This brings back so many memories for me. How hard it was to feel like I was losing ground disciplining my first one because of devoting so much time to the second one! I can't tell you how many times I would be nursing and have to ignore certain issues...The time did come that I was better able to juggle the two. It's an adjustment for sure! Even now, it's a challenge to make sure all three of my boys feel equally loved and important.

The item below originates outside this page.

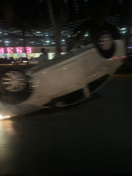 Cancún.- Una aparatosa volcadura se registró la noche de este jueves, luego que un conductor perdiera el control de su vehículo compacto sobre la avenida Bonampak, sin que resultaran lesionados él y su acompañante.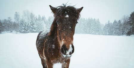 Beautiful group of horses gathered in a snowy field, with a close-up of one horse covered in snowflakes

Here are some ideas to help at your stage:

*Arrange to pick her up from school ...just you...and take her to half-priced books to pick out a book. (my boys look forward to this so much. I tried to do it once a week when new babies came along.)
*Read to her while feeding the baby.
*Involve her in caring for the baby...even if it makes things a little harder/messier.
*Find an ongoing activity that's just for you and your oldest (such as a spot in the back yard or pot where you plant seeds together and care for them each day) - it'll give her something to look forward to with you.
*We created "The Daddy Board" for my oldest when my second was born. After school, we added his schoolwork/projects for the day to the board. That way, Dad could easily see and praise what he worked on that day. It really helped when Dad showed specific interest in his activities...and the board made it easier for him to remember to do that.
*For me, praying continuously helped, too! :)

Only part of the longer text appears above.